Keep a careful eye on seedlings once they have two or three sets of true leaves. It’s not uncommon for a plant to grow half an inch overnight and start to touch the bulbs. This will burn the leaves and damage the plant.

Connect the lights to a timer set to 16 hours. Although tempting, exposing seedlings to light for more than 16 hours is counter-productive. Nancy Bubel puts it best:

“The light a plant receives, you remember, makes it possible for the leaves to manufacture starches and sugars, the components of growth. But a period of darkness is necessary for the plants to put these new compounds to use. Plants don’t “rest” at night. They digest and grow.”

4) Not taking the time to harden off seedlings

“Hardening off” is the process of slowly acclimating seedlings to outdoor conditions before setting them out into the garden. Sudden exposure to direct sun, wind, and fluctuating temperatures can cause severe damage to vulnerable seedlings – a sad and frustrating end to your investment of time and energy.

Start hardening while seedlings are still indoors by reducing water, stopping fertilizer, and lowering temperatures for one week. This will retard growth and strengthen plant tissues. Once all chance of frost has passed (for spring transplants) move seedlings outdoors to a protected location, out of direct sun or wind. After a few days in the shade, expose seedlings to direct sunlight for one hour. Increase time in direct sun by one hour each day until seedlings can remain in full sun all day (5-6 days). Total time for hardening is usually 7 to 10 days.

5) Using a poor quality soil mix

Seedlings are like Goldilocks, every condition has to be “just right”, including the growing medium. Use the highest quality seed mix that you can buy, avoiding anything with synthetic fertilizers or novelty growing mediums (like Coco Coir). Seed-starting mixes are specially formulated to provide all of the things that young seedlings need to thrive. Johnny’s offers a great seed mix that has done well for us. Helpful hint: Pour seed mix into a sterilized bucket and moisten with water before firmly pressing into cell trays. We have also used Miracle Gro Cactus soil mix with great results.

6) Too much fertilizer

This year I went a little heavy with the organic fertilizer and ended up with seedlings that were “too green”. This might not sound like a problem, but plants that put on fast, green growth are a prime target for aphids. When I set my snapdragon seedlings outdoors to begin hardening they were attacked by aphids that killed every single one.

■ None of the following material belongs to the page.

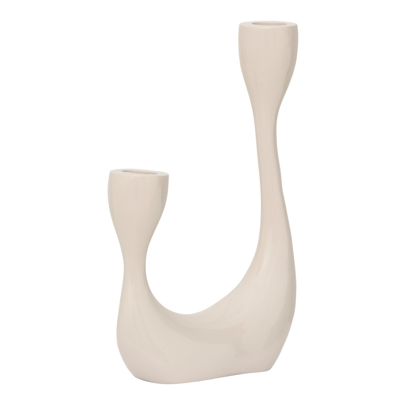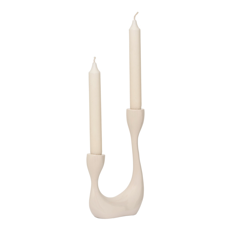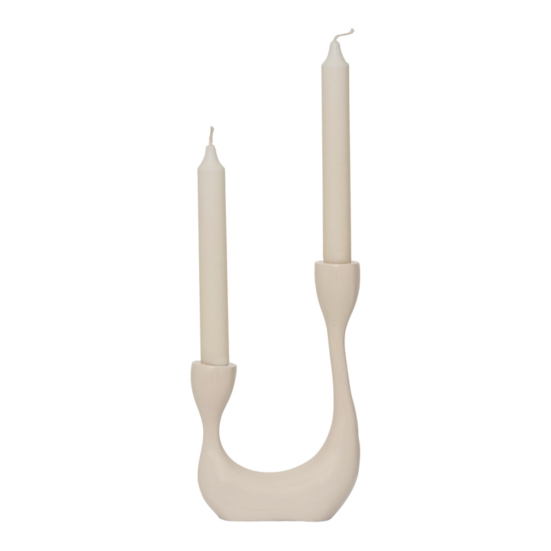 Ontworpen voor twee kaarsen, transformeert hij kaarslicht tot een sereen accent in uw interieur. Een sierlijke kaarsenstandaard die rustige schoonheid en subtiele verfijning toevoegt aan elk interieur.
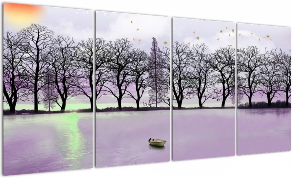 Obraz - Pramice na jezeře, Čtyřdílný 160x80 cm

Fertilize seedlings sparingly with diluted fish emulsion (one teaspoon per gallon) twice a week after 2-3 weeks of growth.

7) Too much water

Most gardeners worry about their plants not getting enough water, but overwatering is a much bigger problem. Too much water causes roots to rot and restricts growth. Letting soil dry out from time to time allows roots to grow into air pockets.

The easiest way to determine when seedlings need water is to lift up the entire seedling tray. A dry seed tray will feel very light, and a moist seed tray will feel heavy. If a seed tray feels heavy, don’t add more water. Allow the seed tray to get lighter (without the seedlings wilting, of course) before watering again. To water, use a watering can with a thin spout and pour water into the bottom, exterior tray. This is called “bottom watering” and it allows the seedlings to drink up the exact amount of water they need.

8) Using old seeds

To maximize your chances of seed-starting success, begin each growing season with freshly purchased seeds. Seeds can be successfully stored in cool, dry conditions, but unless you are diligent about seed storage, it’s best to start with fresh seeds to ensure high germination rates. Garden centers will remove seed once it is out of season, but take the time to check seed packets when purchasing to make sure that you are buying this year’s seeds. If you want to store unused seeds, keep them in airtight containers (like a mason jar) in the coolest, driest, darkest place in your house.

What are some of the biggest seed-starting mistakes that you’ve made? Let me know in the comments!